Despite all the willingness to take the transformations of social communication through new technologies and media seriously, Nethöfel sees in face-to-face communication how it distinguishes the churches - also beyond the need to face the new challenges , almost a unique selling point of the traditional Christian community in postmodernism . The need to open up new fields of work must not, in return, lead to the old ones being neglected. But this also requires an openness to turn to new and, according to Nethöfel, this means: more adequate forms of communication .

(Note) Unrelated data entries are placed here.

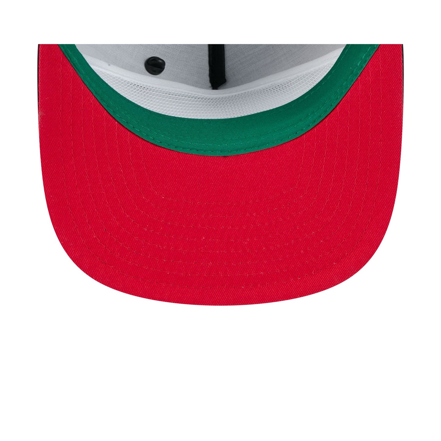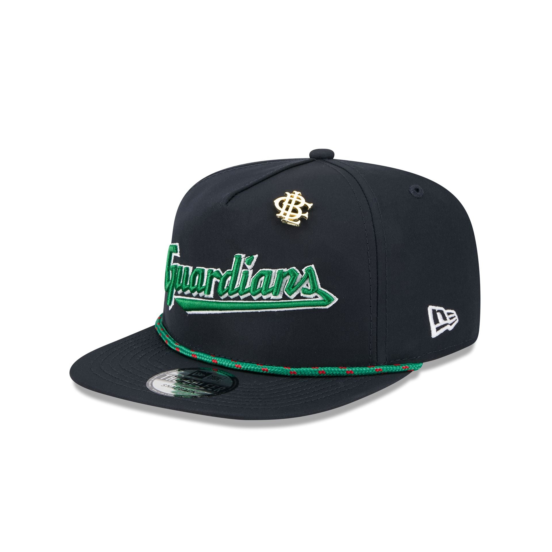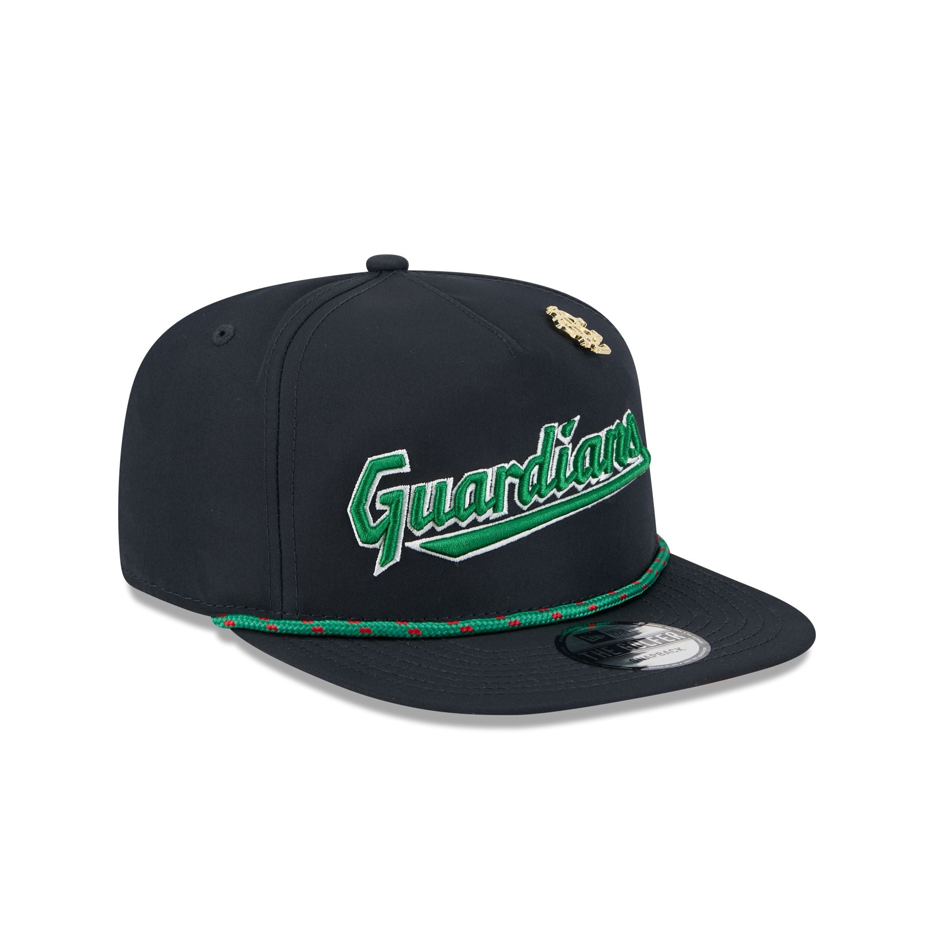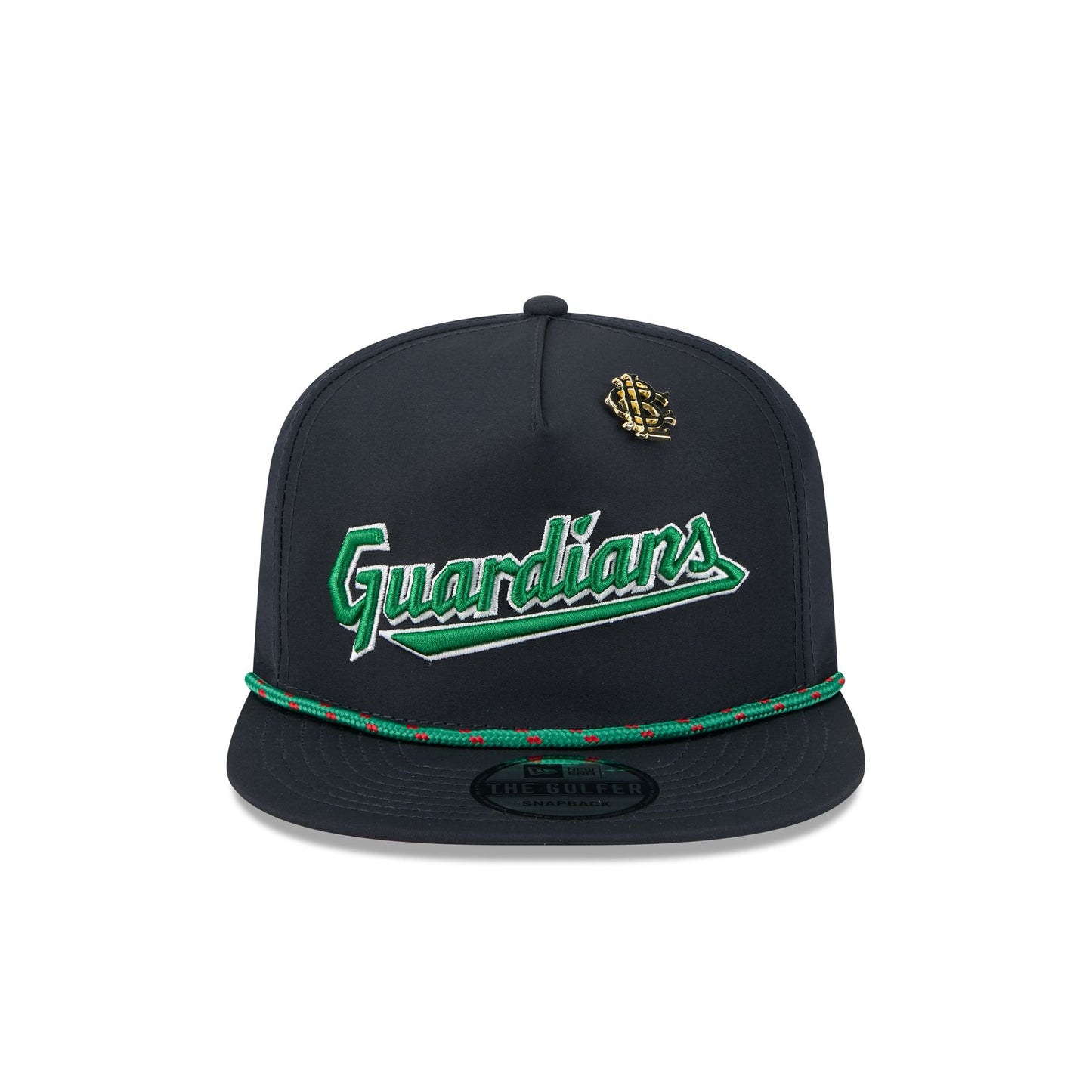 The Big League Chew x Cleveland Guardians Golfer features an embroidered Guardians wordmark and a Big League Chew pin at the front panel with an adjustable snapback closure at the rear and a red undervisor.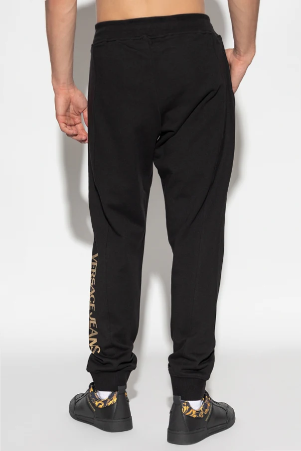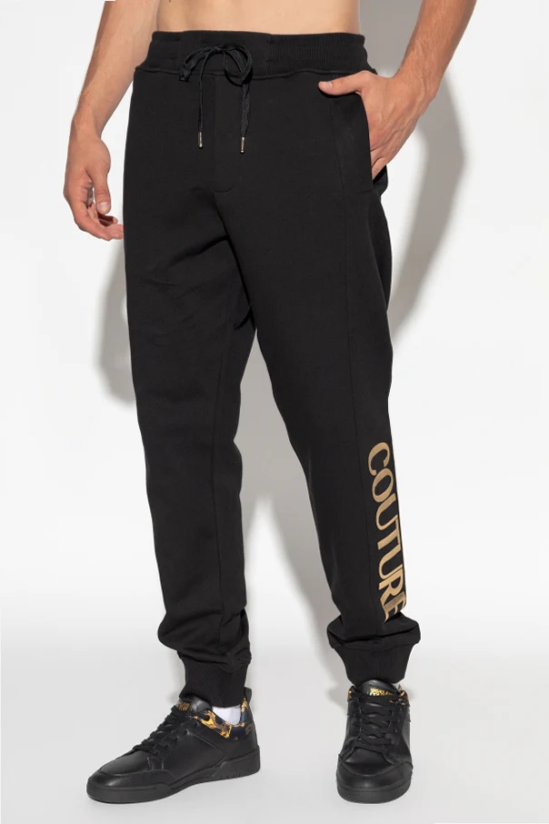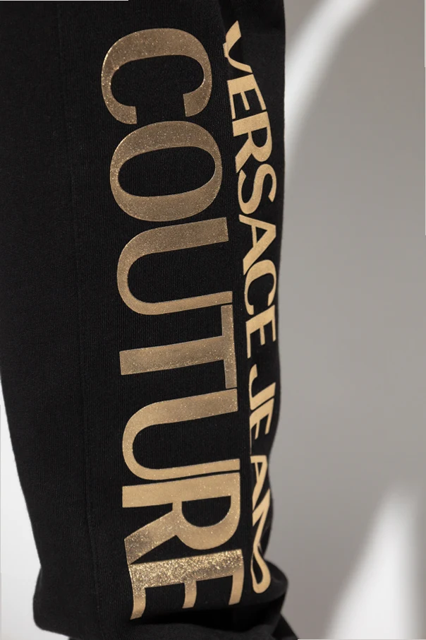 Spodnie dresowe z nadrukowanym logo marki Versace Jeans Couture to uosobienie wyrafinowanej wygody, gdzie ponadczasowy czarny kolor spotyka się z prestiżem włoskiego domu mody. Uszyte z wyjątkowo miękkiej, starannie wyselekcjonowanej bawełny, zachwycają gładką, matową fakturą , która subtelnie podkreśla wykwintny charakter produktu.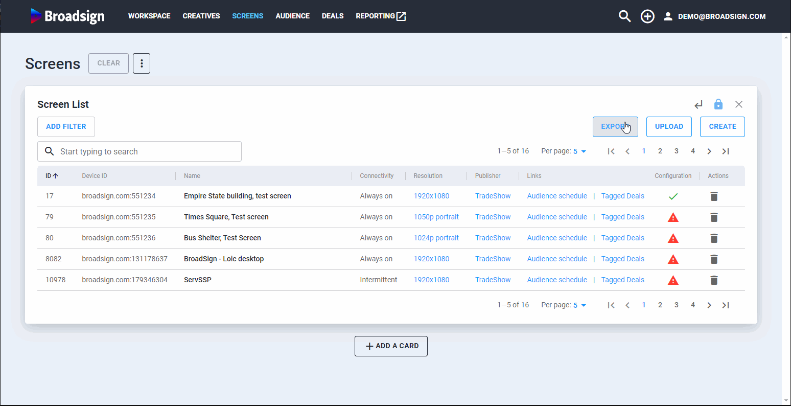 - Exporter le modèle de données d'écran depuis Broadsign SSP (Reach). Ce fichier vous fournit les colonnes autorisées et le format correct. Si votre éditeur n'a pas encore créé d'écrans, les colonnes seront vides.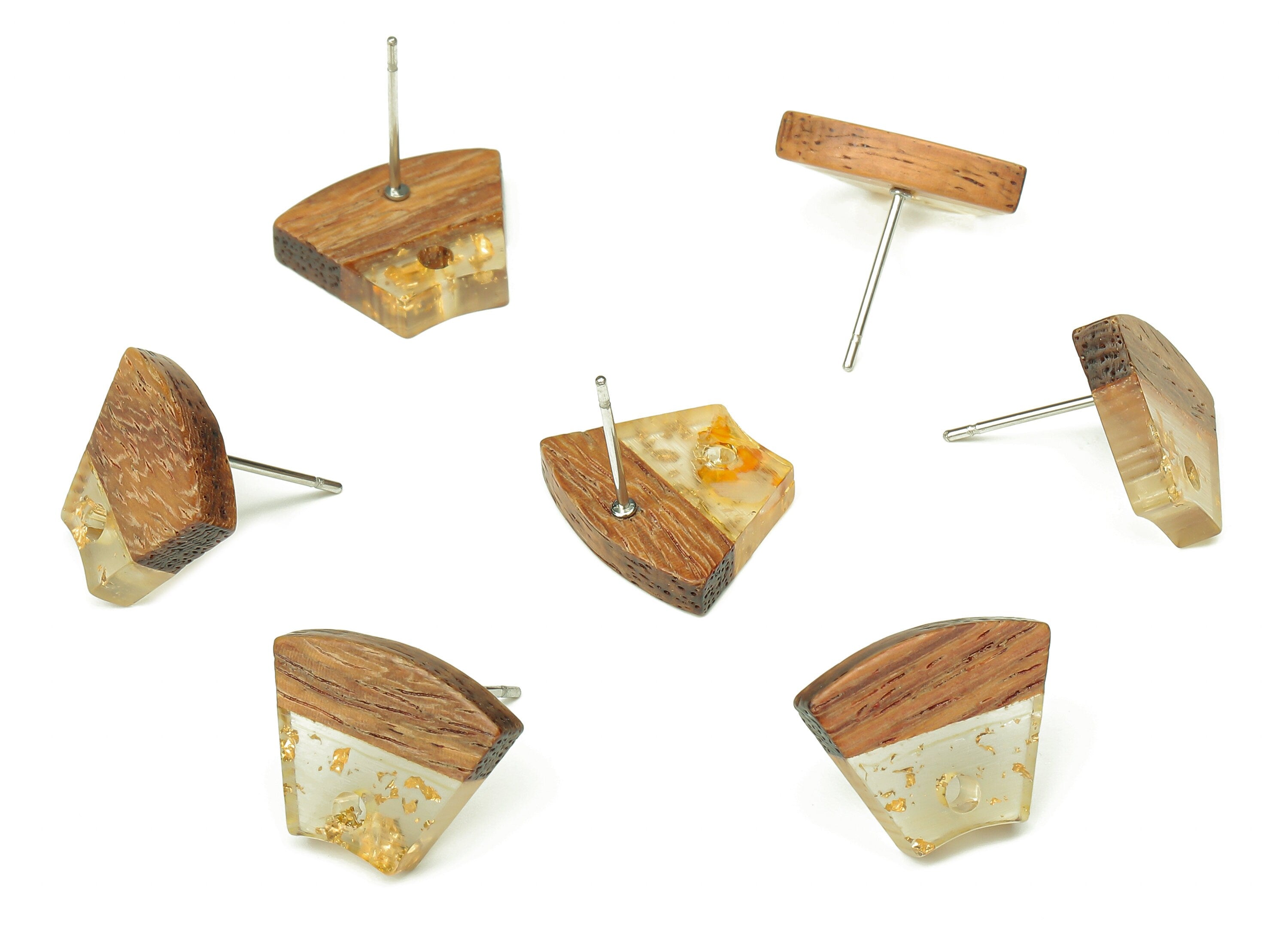 Natural Wooden Trapezoid Earring Stud - Walnut Wood Gold Foil Clear Resin Fan Earring Post - 316 Stainless Steel Stud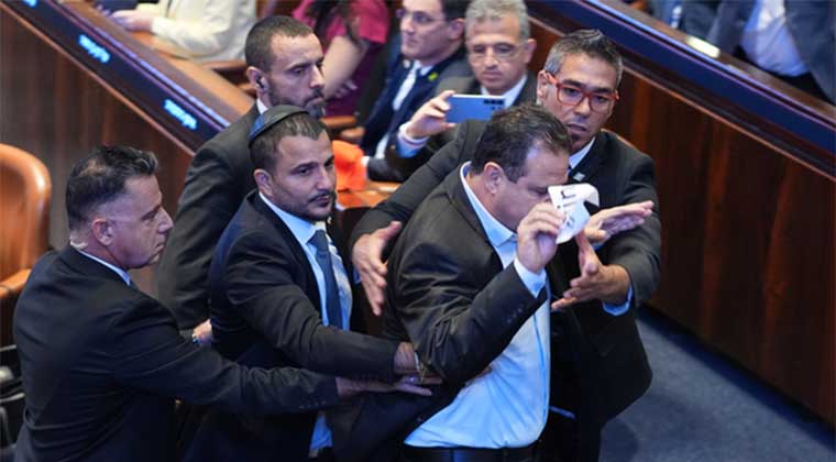 تعرض عضوان بالكنسيت الإسرائيلي، عن حزب الجبهة الديمقراطية، للطرد، اليوم الإثنين، في أثناء إلقاء الرئيس الأميركي دونالد ترمب كلمة أمام البرلمان. فبينما كان ترمب يثني على مبعوثة الخاص إلى الشرق الأوسط، ستيف ويتكوف، قائلا: „أعرف مفاوضين آخرين، وهم بارعون حقًّا، لكن بالنسبة لتحقيق السلام في الشرق الأوسط عرفت أن الجميع يحب ستيف ويحترمونه، ولو لم يشارك في هذا لكنا قد شهدنا حربًا عالمية ثالثة“، إذ قاطعه النائبان عن حزب الجبهة الديمقراطية، عوفر كسيف وأيمن عودة، مطالبين إياه بالاعتراف بدولة فلسطين، حيث رفعا لافتة مكتوب عليها „Recognize Palestine“ أو „اعترف بفلسطين“.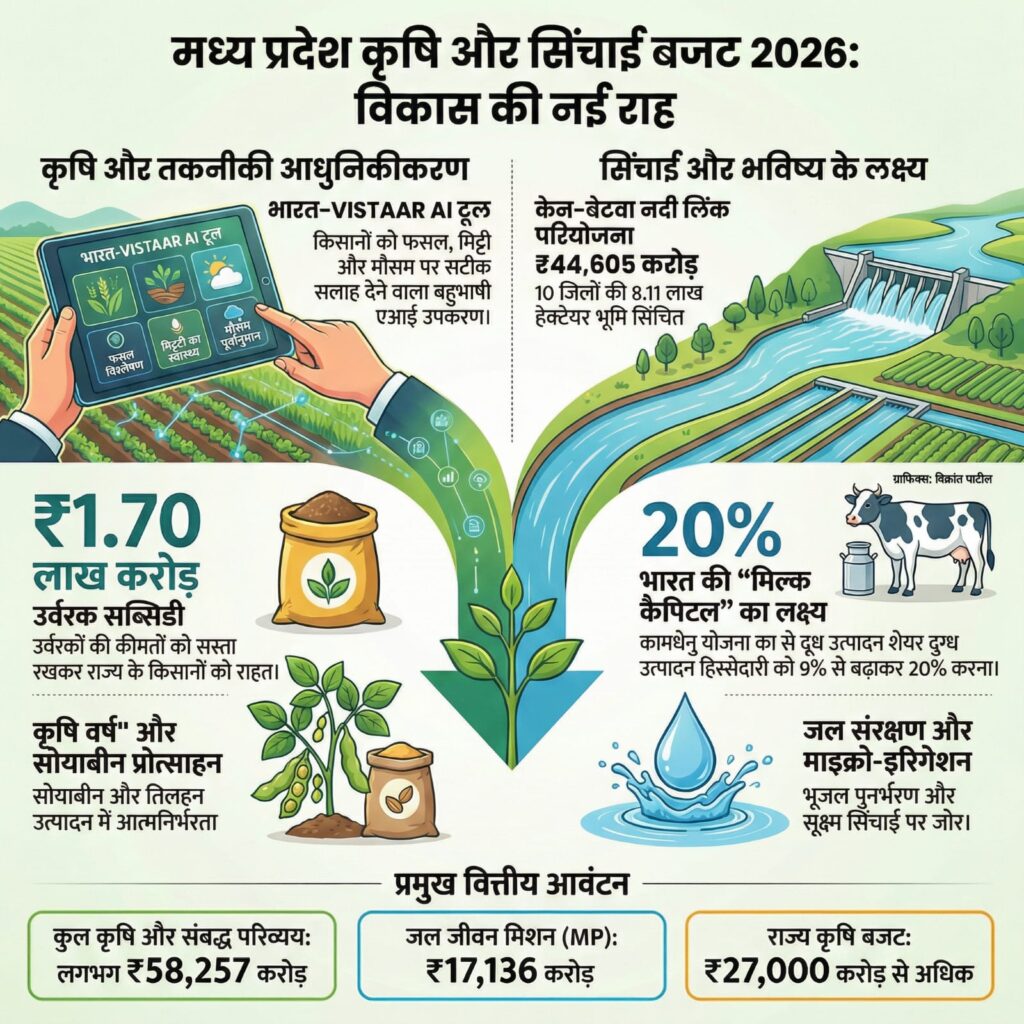 मध्य प्रदेश के कृषि और संबद्ध क्षेत्रों के लिए कुल परिव्यय (Combined Outlay) लगभग ₹58,257 करोड़ तक पहुंच गया है। यह राशि केंद्र और राज्य की साझा शक्ति को दर्शाती है। जहाँ केंद्रीय बजट ने इस ‘कृषि वर्ष’ के लिए वित्तीय आधार और तकनीकी ढांचा तैयार किया है, वहीं फरवरी के मध्य में शुरू होने वाला मध्य प्रदेश का राज्य बजट सत्र इन योजनाओं के वास्तविक कार्यान्वयन और जिला-वार वितरण की अंतिम रूपरेखा पेश करेगा।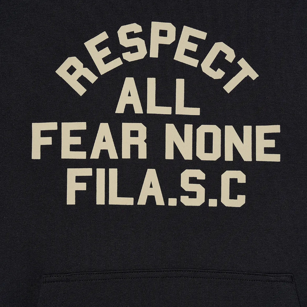 The trendy varsity mood is reinterpreted through FILA’s unique design. The typography on the front, featuring the message "RESPECT ALL, FEAR NONE," amplifies the sporty vibe.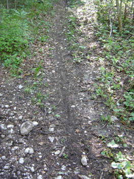 V spodnjem delu poti večkrat lahko opazimo "zapuščino" gorskih kolesarjev - zaradi blokiranih koles pri zaviranju za njimi ne more ostati nič drugega kot - kanali. Res škoda, da so tako neosveščeni ... |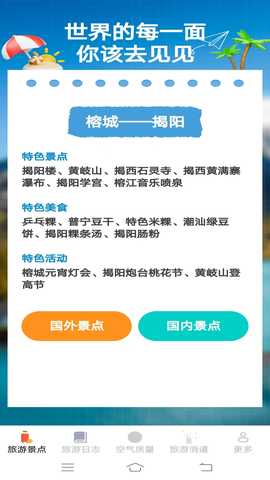空气质量查询:实时提供目的地的空气质量指数,帮助用户合理安排出行计划。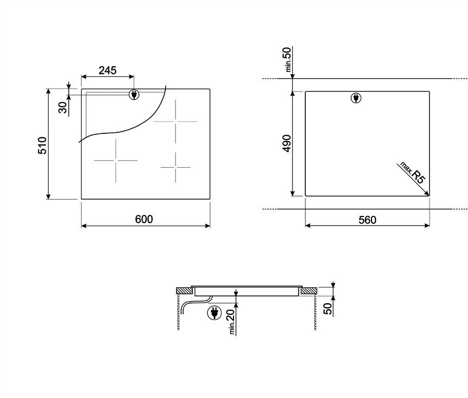 Smeg Встраиваемая варочная панель SMEG/ Стеклокерамическая панель, 60 см, прямой край,черный цвет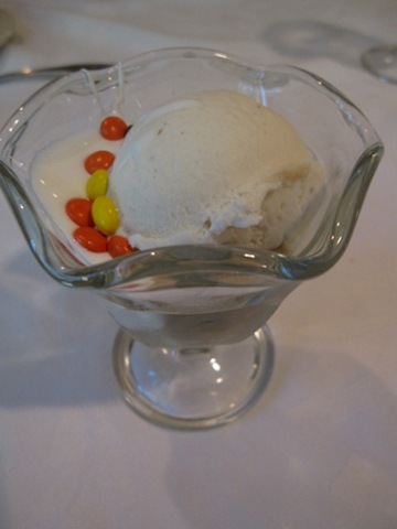 I ended with some ice cream with some marshmallow sauce and a few chocolates. And a bite of momโs peanut butter pie.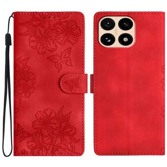 For Redmi 15T 5G Flower Butterfly Embossing Pattern Leather Phone Case(Red)

Against the background of trinity theological grounds, Nethöfel's theology presents itself primarily as a theology of creation which, in theory and practice, unfolds the axiom of Christian faith: "The word became flesh." (Jn 1:14)

Works (selection)

  • Structures of existential interpretation: Bultmann's commentary on John in alternation of theological paradigms , Göttingen 1983.
  • Theological Hermeneutics in Postmodernism , in: New Journal for Systematic Theology 29, 1987, pp. 210–227.
  • Creatio, Creatur, Creativitas. In the field of tension between creation theory and creativity research , in: Berliner Theologische Zeitschrift 5, 1988, pp. 68–84.
  • Theological hermeneutics. From Myth to the Media, Neukirchen Contributions to Systematic Theology , Vol. 9, Neukirchen-Vluyn 1992.
  • Ethics between media and powers. Theological orientation in the transition to the service and information society , Neukirchen-Vluyn 1999.
  • Christian orientation in a networked world , Neukirchen-Vluyn, 2001.
  • together with Klaus-Dieter Grunwald: Strategic Church Reform , Glashütten 2007.
  • together with Gerhard Regenthal: Profiling Christian Identity. Corporate Identity in the Church , Hamburg 2007.
  • together with Stefan Bölts: Departure to the region. Church reform between forced merger and distinguished neighborhood , Hamburg 2008.